I-90 enters Illinois from Beloit, Wisconsin concurrently with I-39.  At Exit 1 (South Beloit),  US Route 51 (US 51) joins the two interstates; between the exit and the state line marks the only point US 51 and I-39 are not concurrent in Illinois.   

In Rockton, I-39/I-90/US 51 becomes the Jane Addams Memorial Tollway, with the South Beloit Toll Plaza south of the interchange.  The three highways first enter the Rockford region at Illinois Route 173, passing by Rock Cut State Park; its first interchange with US 20 is with the business route (State Street) connecting Rockford and Belvidere.  

At Cherry Valley, I-90 splits with I-39/US-51 (the latter becomes concurrent for US 20 for five more miles before moving south to Normal.), with I-90 making a 90-degree turn east.  Crossing eastward, I-90 (now signed as a single highway) crosses the Kishwaukee River before entering Boone County.  From this point to the eastern terminus of both highways in Massachusetts, I-90 and US 20 run a roughly parallel routing (though with no concurrency).  

After passing in front of the Stellantis Belvidere Assembly Plant and a westbound toll plaza, the only remaining Illinois Tollway oasis above I-90 is located in Belvidere.  The over-highway design provides several vendors in a single location, allowing tollway travelers to rest, eat, and refuel without exiting the tollway.     
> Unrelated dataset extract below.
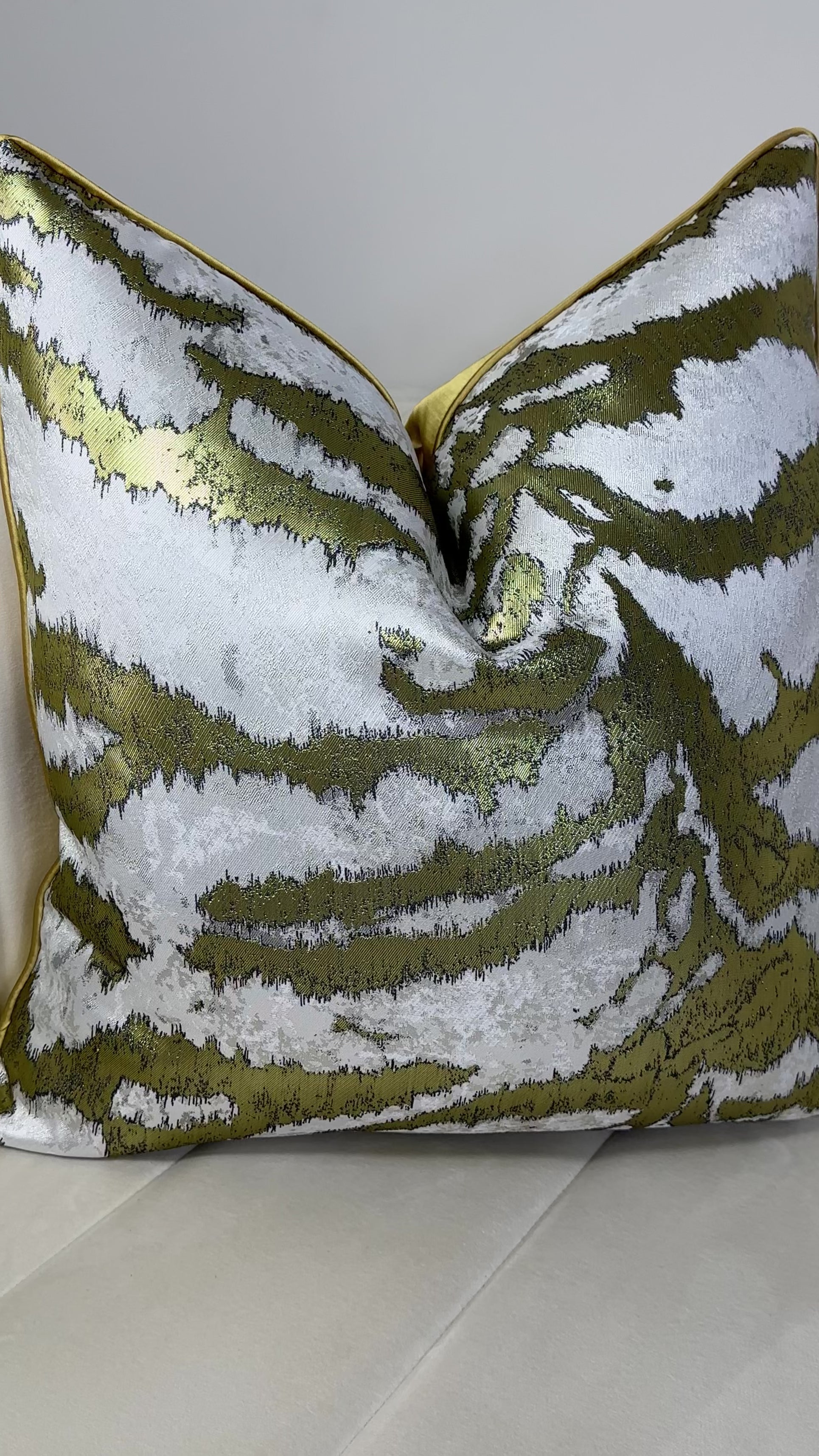 Elevate your home decor with this stunning 22x22 pillow cover. Featuring a striking abstract design in shades of metallic gold and silver, this cover adds a touch of opulence to any space. Crafted from high-quality fabric, it has a soft texture with a subtle sheen, perfect for creating a sophisticated and modern look.

Turning southeast towards McHenry County, I-90 does not have an interchange for another , until Illinois Route 23 (IL 23) in Riley (five miles north of Marengo).   Following the interchange, eastbound traffic passes through the Marengo Toll Plaza.  

Entering Kane County, I-90 has a third interchange with US 20, connecting to Hampshire. As it passes its Randall Road exit, I-90 transitions from the rural farmland seen in Boone and McHenry counties to the western terminus of the Chicago suburbs.  Following the east/west Elgin Toll Plaza, I-90 widens from six to eight lanes, turning east in direction.  Before crossing into Cook County, I-90 crosses the Fox River, entering the Golden Corridor of Illinois.      

Before meeting I-290, the tollway passes through Hoffman Estates and Schaumburg, routed through a wide variety of surroundings, including housing, retail centers, and forest preserves.  Following the Barrington Road exit, active traffic management gantries are in place.  In Schaumburg, I-90 becomes the northern terminus of I-290 (the only Illinois loop of I-90).  Turning further southeast towards Elk Grove Village, I-90 is widened from eight to ten lanes.  At Elmhurst Road (Illinois 83), the tollway is narrowed to eight lanes, passing north of O'Hare International Airport.  Prior to passing through I-190/I-294 (Tri-State Tollway), Rosemont has a final toll plaza on Devon Avenue (westbound) and River Road (eastbound).

The Tri-State Tollway interchange marks the eastern terminus of the Jane Addams Memorial Tollway, with I-90 subsequently becoming a freeway called the Kennedy Expressway.  After crossing the Des Plaines River, the Kennedy Expressway enters Chicago.  After turning southeast, I-90 joins I-94 (Edens Expressway), heading further southeast.  Taking on the path of the Chicago River, the Kennedy Expressway becomes the Dan Ryan Expressway following its intersection of the Jane Byrne Interchange (passing the Eisenhower Expressway).  After crossing I-55 (Stevenson Expressway), I-90 continues nearly due south.   

In the Englewood neighborhood, I-90 splits from I-94, becoming the six-lane Chicago Skyway.   Turning southeast, the highway crosses the Calumet River before continuing into Hammond, Indiana.

History

Jane Addams Memorial Tollway
The  Northwest Tollway portion of I-90 opened on August 20, 1958. Prior to the opening, the first vehicle to officially travel the new roadway was a covered wagon navigated by local resident John Madsen who took five days to make the journey.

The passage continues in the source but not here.